Interestingly, performing the same analysis dichotomising the dataset according to nodal size (>10 mm, ≤10 mm), demonstrated the same pattern of (small) change in diagnostic performance from OSEM to BPL only in nodes ≤10 mm (Table 5). This may suggest that the difference in performance is size dependent, although the effect may be due to the considerably larger number of nodes ≤10 mm (n=88) compared to nodes >10 mm (n=24). It is important to stress that the difference is clinically negligible so conclusions as to whether BPL confers any advantage or vice versa to evaluation of subcentimetre nodes using semi-quantitative analysis cannot be drawn from this observation.

On applying the widely used SUVmax threshold of 2.5 [17] to both reconstructions, there was an expected increase in sensitivity and decrease in specificity using BPL compared to OSEM. On visual analysis, there was increased detection where a small, but relatively greater, proportion of nodes were ‘upgraded’ on BPL, which also resulted in a divergence of sensitivity and specificity. There was also a small decrease in accuracy from 62 % to 55 %.

Importantly the diagnostic performance was not significantly improved with BPL, even though the increments in SBR, SNR, and SUVmax contributed to increased visual detection. This is likely to be due to the increase in visualisation and semi-quantitative measurements occurring independent of their aetiology; glucose utilisation is better detected in both malignant and granulomatous nodes. Furthermore, when a semi-quantitative method of analysis is applied, a higher SUVmax threshold than is commonly used may be appropriate when using BPL, although there is no universally agreed level at present for OSEM [1820]. Similarly, a different threshold will have to be adopted when using a visual analysis. As PET technology (hardware and software) evolves, for example with BPL reconstruction, radiologists and physicians will need to adapt and re-learn to account for the improving quality in images. The need to potentially amend current parameters for disease detection and reporting is occurring in other areas of imaging due to improved imaging technology. Improved nodule detection using low dose CT, as seen in the National Lung Screening Trial, where low-dose CT demonstrated high sensitivity but low positive predictive values in lung cancer detection, has resulted in the definition of a positive screening result being refined [21].

There are a number of limitations of this study. Firstly, there is inherent sampling error as direct radiological-pathological correlation was not possible for individual nodes and the unit of analysis had to be based on each nodal station. Where there were multiple nodes in a single station on CT, a single node was chosen for analysis based on the degree of FDG-avidity followed by size, and both of these criteria may contribute to false-positive results. This was thought not to be of overall significance as primary evaluation of the data was centred on the difference due to the methods of PET reconstruction.

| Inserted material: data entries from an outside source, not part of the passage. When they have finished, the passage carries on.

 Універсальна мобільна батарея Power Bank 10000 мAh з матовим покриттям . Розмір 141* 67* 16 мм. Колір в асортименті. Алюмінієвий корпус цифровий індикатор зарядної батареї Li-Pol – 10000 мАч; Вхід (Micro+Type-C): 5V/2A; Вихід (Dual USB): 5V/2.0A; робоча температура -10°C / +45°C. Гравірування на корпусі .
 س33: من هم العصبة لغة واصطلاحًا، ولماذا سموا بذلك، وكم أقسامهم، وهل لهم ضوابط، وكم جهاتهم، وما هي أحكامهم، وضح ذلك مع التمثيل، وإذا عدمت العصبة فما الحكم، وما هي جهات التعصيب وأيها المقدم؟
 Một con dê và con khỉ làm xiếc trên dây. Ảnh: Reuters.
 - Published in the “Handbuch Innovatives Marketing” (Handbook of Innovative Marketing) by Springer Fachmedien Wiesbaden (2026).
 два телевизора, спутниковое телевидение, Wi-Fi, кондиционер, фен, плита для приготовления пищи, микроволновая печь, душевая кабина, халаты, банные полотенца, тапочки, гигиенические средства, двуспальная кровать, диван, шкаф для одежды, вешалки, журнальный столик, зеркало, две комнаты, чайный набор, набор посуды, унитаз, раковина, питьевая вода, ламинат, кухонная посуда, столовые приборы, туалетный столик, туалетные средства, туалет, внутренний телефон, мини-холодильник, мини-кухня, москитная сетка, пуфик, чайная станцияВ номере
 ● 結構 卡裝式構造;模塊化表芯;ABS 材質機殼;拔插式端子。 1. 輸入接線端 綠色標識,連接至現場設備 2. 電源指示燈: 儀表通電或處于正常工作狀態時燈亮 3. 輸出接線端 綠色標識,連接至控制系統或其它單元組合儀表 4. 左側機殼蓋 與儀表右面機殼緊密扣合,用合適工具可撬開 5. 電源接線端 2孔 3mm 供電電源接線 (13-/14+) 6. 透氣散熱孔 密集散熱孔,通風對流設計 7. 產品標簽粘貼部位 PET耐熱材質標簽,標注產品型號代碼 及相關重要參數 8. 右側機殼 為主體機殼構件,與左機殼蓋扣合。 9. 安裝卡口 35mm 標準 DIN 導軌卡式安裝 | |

Finally, the cohort was skewed with a majority proportion of histopathologically negative nodes and small absolute number of positive nodes. This may explain the relatively small differences in semi-quantitative diagnostic performance between BPL and OSEM. The small number of positive nodes may also in part explain the relatively poor AUC values derived from semi-quantitative analysis. This was based on SUVmax as a standalone predictor of nodal positivity but was to some extent an expected finding. It is also concordant with the wider observations of 20–25 % false-negative and false-positive rates in PET for mediastinal nodal involvement [22, 23], confirming the importance of tissue sampling in mediastinal staging to determine nodal involvement [24].

Conclusion

BPL, an iterative reconstruction technique using a Bayesian penalised likelihood reconstruction algorithm, increases SBR, SNR and SUVmax of mediastinal nodes in NSCLC, compared to OSEM, the current standard of care. This led to an improvement in visual sensitivity using BPL. However, this did not improve the accuracy for determining nodal involvement, and suggests that the limitations of 18F-FDG PET/CT in nodal analysis in NSCLC are due to the inherent non-specificity in the reasons for FDG-avidity, and are likely to be unchanged by improvements in techniques in its detection.